Software: SPSS, R (statistics); Tableau (analysis and visualization) in the "Public" version can be used free of charge

Data mining with forensic software

In order to sort, analyze and evaluate a particularly large amount of files on a data carrier or web server, some investigative data journalists rely on forensic programs, which are also used for forensic investigations.

A current example of such successful data mining is the journalism project “Offshore Leaks” from the example above, in which the tax evasion of companies and private individuals in so-called tax havens was revealed. According to the German journalist Sebastian Mondial involved, the research was based on a hard drive with over 260 gigabytes of data, distributed in 2.5 million documents - such as e-mails, tables or PDF files. This had been leaked to the International Consortium for Investigative Journalists (ICIJ). Using the forensic software "Nuix" (www.nuix.com), this vast mountain of data was filtered and evaluated by an international team of journalists.

 

Some websites offer developers special programming interfaces, known as API (Application Programming Interface) for short. Data journalists can make use of this, for example, to answer specific questions about certain structures or actors in social networks: For example, the API ofTwitter find out whichTwitter-Users are involved in certain topic complexes, how actively they participate in discussions and where they are geographically located.

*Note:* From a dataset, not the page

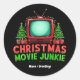 Christmas Movie Junkie Retro Holiday Funny Matchi Classic Round Sticker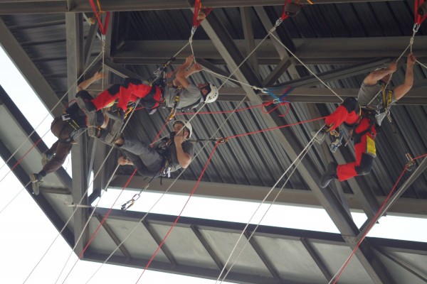 Le contenu des épreuves est, lui aussi, original : montée à la corde, certes, mais aussi pendules, tyrolliennes… et bien sur de vrais travaux (perçage, vissage, fixation…)

A common data format for API queries is JSON. Google (https://developers.google.com) and Facebook (https://developers.facebook.com/docs/graph-api) also offer APIs for developers.

In the United States, government institutions also provide certain APIs for developers. A list of the various portals is available on a central portal: www.data.gov.

In Germany, a beta version of an official data portal has been online for some time, operated by the Federal Ministry of the Interior. According to the information on the site, the meta catalog can also be accessed via API: www.govdata.de/hilfe

******

Editor's note (JL): Patrick RÖSING works as a data journalist and visualizer at stern online. He dealt intensively with this subject in his master's thesis from 2013. The master's thesis "Data journalism in regional and local media: nine recommendations for action" can be downloaded for free.